— Да. Мы сделаем.

— Такой настрой мне нравится.

— Ди-Джей! Есть вопрос.

— Выкладывай.

— Слышали, что рассказала доктор Лизан-дер? Насчет кого-то наверху, кто подправлял мои больничные документы?

— Да.

— Вы узнали что-нибудь обо мне? О моей ДНК?

Едва заметная пауза перед ответом:

— Пока нет. Работаю.

ГЛАВА 37

Тревожно. Неспокойно. Не могу усидеть на месте. Эйден смотрит на меня.

— Что с тобой?

— Ничего. Все. — Смотрю на часы. — Она опаздывает.

Он тоже смотрит на часы.

— Только лишь на двадцать секунд. Все будет хорошо.

— Я просто не хочу, чтобы с ней что-то случилось. Иногда мне кажется, что каждому, кто приближается ко мне, приходится платить за это высокую цену. Не хочу втягивать ее в это.

Эйден берет меня за руку.

— Потому что тебе не все равно.

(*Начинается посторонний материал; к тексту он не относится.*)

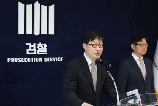 지난해 5월10일 경기도 수원시 영통구 수원지방검찰청에서 박광현 수원지검 인권보호관이 ‘노동단체 침투 지하조직’ 국가보안법 위반 사건 중간수사 결과를 발표하고 있다. 수원=연합뉴스[ |

Потому что ты бережешь ее. — Ничего больше он не говорит, но я знаю, о чем думает.

— Я не могу уехать.

— Знаю. — Он вздыхает. — Ты такая, какая есть. Но я должен был попытаться.

Дверь открывается.

— Мама! — Я вскакиваю и бегу к ней. Она быстро раскидывает руки и крепко меня обнимает. Видит за моей спиной Эйдена.

— Кто это?

Он поднимается.

— Рад познакомиться, мэм. Я — Эйден.

Она поворачивается ко мне. Качает головой:

— Ты почему вернулась? Здесь слишком опасно.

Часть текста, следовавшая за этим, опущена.